Maximum and Minimum Value of y = x - 1/x in the Interval (1/3, 4/3)

To find the maximum and minimum values of the function y = x - 1/x in the interval (1/3, 4/3), we need to analyze the behavior of the function within this interval.

1. Critical Points

A critical point occurs when the derivative of the function is equal to zero or undefined. Let's differentiate y = x - 1/x with respect to x:

dy/dx = 1 + 1/x^2

Setting dy/dx equal to zero, we have:

1 + 1/x^2 = 0

Simplifying this equation, we get:

1/x^2 = -1

Taking the reciprocal of both sides, we obtain:

x^2 = -1

This equation has no real solutions, which means there are no critical points within the interval (1/3, 4/3).

2. Endpoints

Next, let's evaluate the function at the endpoints of the interval (1/3, 4/3).

When x = 1/3, y = (1/3) - 3 = -8/3.
When x = 4/3, y = (4/3) - (3/4) = 13/4.

3. Second Derivative Test

Since there are no critical points within the interval, we can use the second derivative test to determine the nature of the function at the endpoints.

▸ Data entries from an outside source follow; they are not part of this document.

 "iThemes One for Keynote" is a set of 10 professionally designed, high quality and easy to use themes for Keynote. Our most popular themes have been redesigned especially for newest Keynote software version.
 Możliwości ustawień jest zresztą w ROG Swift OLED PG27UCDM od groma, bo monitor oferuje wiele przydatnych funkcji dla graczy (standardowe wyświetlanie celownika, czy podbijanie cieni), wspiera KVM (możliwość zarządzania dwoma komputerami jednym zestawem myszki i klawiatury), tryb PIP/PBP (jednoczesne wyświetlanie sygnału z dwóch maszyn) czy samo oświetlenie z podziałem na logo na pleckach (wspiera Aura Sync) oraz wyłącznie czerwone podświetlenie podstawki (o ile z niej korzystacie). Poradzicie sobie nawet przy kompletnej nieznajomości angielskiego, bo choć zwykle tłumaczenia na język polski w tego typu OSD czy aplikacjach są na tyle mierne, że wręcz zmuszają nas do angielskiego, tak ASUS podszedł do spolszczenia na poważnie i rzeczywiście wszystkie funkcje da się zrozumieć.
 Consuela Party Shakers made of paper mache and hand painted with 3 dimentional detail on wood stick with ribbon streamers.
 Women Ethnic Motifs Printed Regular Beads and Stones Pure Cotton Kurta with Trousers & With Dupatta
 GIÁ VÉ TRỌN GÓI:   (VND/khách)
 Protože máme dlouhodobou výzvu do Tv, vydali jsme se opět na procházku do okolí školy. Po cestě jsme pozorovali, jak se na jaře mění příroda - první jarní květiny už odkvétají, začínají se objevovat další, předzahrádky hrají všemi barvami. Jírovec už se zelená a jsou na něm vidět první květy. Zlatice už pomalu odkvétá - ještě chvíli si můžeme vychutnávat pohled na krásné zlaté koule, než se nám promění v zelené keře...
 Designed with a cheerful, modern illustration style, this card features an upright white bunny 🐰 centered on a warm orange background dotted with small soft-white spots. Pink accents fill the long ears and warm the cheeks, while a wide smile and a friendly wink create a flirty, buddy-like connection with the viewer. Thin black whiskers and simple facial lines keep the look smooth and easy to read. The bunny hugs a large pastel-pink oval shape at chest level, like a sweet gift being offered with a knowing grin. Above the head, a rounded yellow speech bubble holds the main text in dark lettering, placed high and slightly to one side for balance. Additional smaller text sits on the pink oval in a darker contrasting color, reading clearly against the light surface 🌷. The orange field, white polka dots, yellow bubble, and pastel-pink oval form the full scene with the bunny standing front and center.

Taking the second derivative of y = x - 1/x, we have:

d^2y/dx^2 = 2/x^3

Substituting the values of x at the endpoints (1/3 and 4/3) into the second derivative, we get:

d^2y/dx^2 (1/3) = 2/(1/3)^3 = 2/1 = 2
d^2y/dx^2 (4/3) = 2/(4/3)^3 = 2/(64/27) = 27/32

Since the second derivative is positive at x = 1/3 and x = 4/3, the function is concave up at both endpoints.

4. Conclusion

From the above analysis, we can conclude that:

- The maximum value of y = x - 1/x in the interval (1/3, 4/3) occurs at x = 4/3, where y = 13/4.
- The minimum value of y = x - 1/x in the interval (1/3, 4/3) occurs at x = 1/3, where y = -8/3.

Therefore, the maximum value is 13/4 and the minimum value is -8/3 within the given interval.